I have always been puzzled as to why people focus on a single thread or core when evaluating performance on a multi-core processor. I mean the “multi” part means more than one core and to me that means running more than one program on a single machine. Seems simple enough, but I have rarely seen these types of numbers for multi-core systems.

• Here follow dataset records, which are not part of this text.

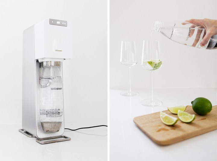 Olimme eräs ilta ystäviemme luona kylässä ja koska olin holittomalla, emäntä pisti pöytään pullollisen hapokasta juomaa. Kauhean näppärästi se kävikin: hanasta vettä, pari sekuntia hapotusta ja siitä vaan nauttimaan lasillinen jos toinenkin. Ei mitään kaupan valmista pullojuomaa, vaan juurikin sillä SodaStreamilla tehtynä, joka aiemmin pisti hieman huvittamaan. Ja olipa se vielä aika tyylikäs laite, ei mikään avaruussukkula, joka omissa mielikuvissa on pyörinyt. Tuolla samaisella hetkellä tiesin, että meille tulee oma SodaStream. Piste.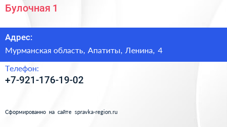 Булочная №1 по адресу Мурманская область, Апатиты, Ленина, 4 в дальнейшем Организация, размещена в следующих категориях: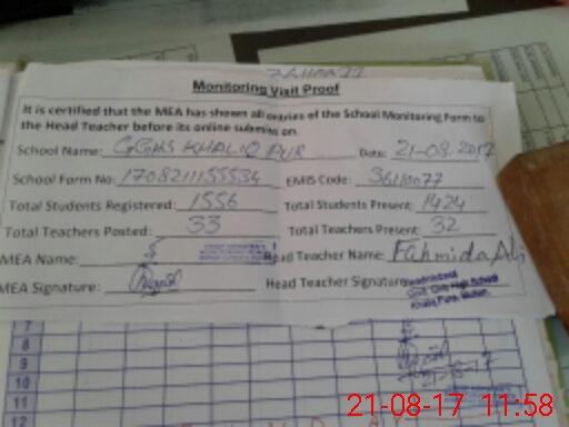| Certified that this School was Inspected by the Undersigned MEA/DMO Today and the Information Stated Above is as Per Record. | |||||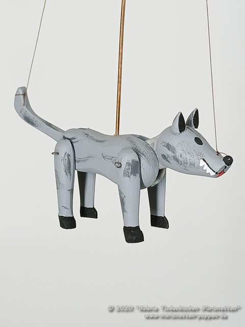 Vlk dřevěná klasická loutka marioneta na drátě.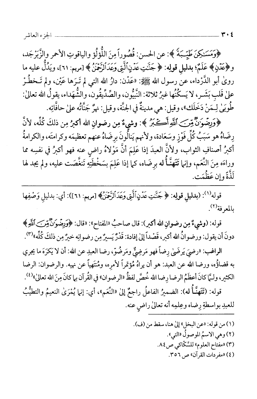 قوله: (بدليل قوله: (جَنَّاتِ عَدْنٍ الَّتِي وَعَدَ الرَّحْمَنُ) [مريم: 61]: أي: بدليل وصفها بالمعرفة.
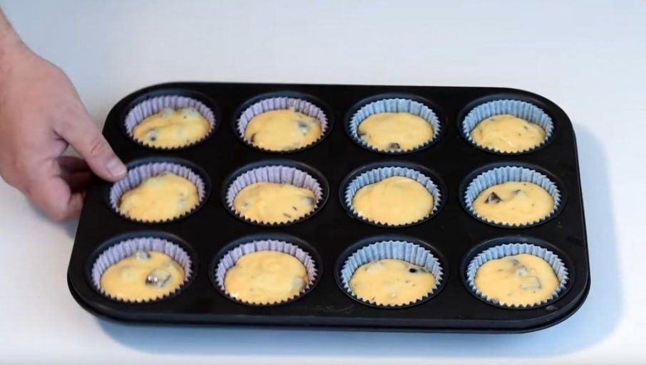 Слободно ставите и по две модлице за мафине јер се касније лакше ваде из модлица и мање се лепе. Мафини са боровницама и чоколадом се пеку 20 минута на 180 Ц. Без коришћења вентилатора.

I created a short test script that is described in a previous column. The idea is simple. If a single program/thread runs on a single core in X number of seconds, then Y copies should run in the same amount of time, provided Y is equal to the number of cores and there is perfect memory sharing (i.e. there is no memory contention). If it takes the collection of copies longer to run (than the a single copy), then the number of “effective cores” is reduced. I created a series of scripts that will work on 2,4,8,12, and 16 cores. (Note: If I spent more time I suppose I could make a single script that would use a command line argument, but I’m both lazy and short of time, plus I don’t run these scripts all that often.)

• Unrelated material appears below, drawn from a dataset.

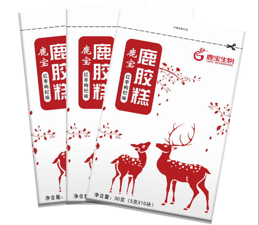 【配 料 表】養(yǎng)殖梅花鹿鹿皮、核桃仁、黑芝麻、麥芽糊精、冰糖、黃酒、紅棗、枸杞、大豆油

To make the test interesting, I use the NAS Parallel Benchmark Suite compiled for a single processor or core (i.e. it is not parallel). The NAS suite is a set of eight kernels that represent different aerodynamic application types. Each kernel is self checking. reports the run time, and offers a different memory access pattern. The script can be easily modified for other programs. If you want to use the NAS suite, you may find it helpful to download the Beowulf Performance Suite which has the run_suite script that automates running the NAS suite. An example of the four core script is given below.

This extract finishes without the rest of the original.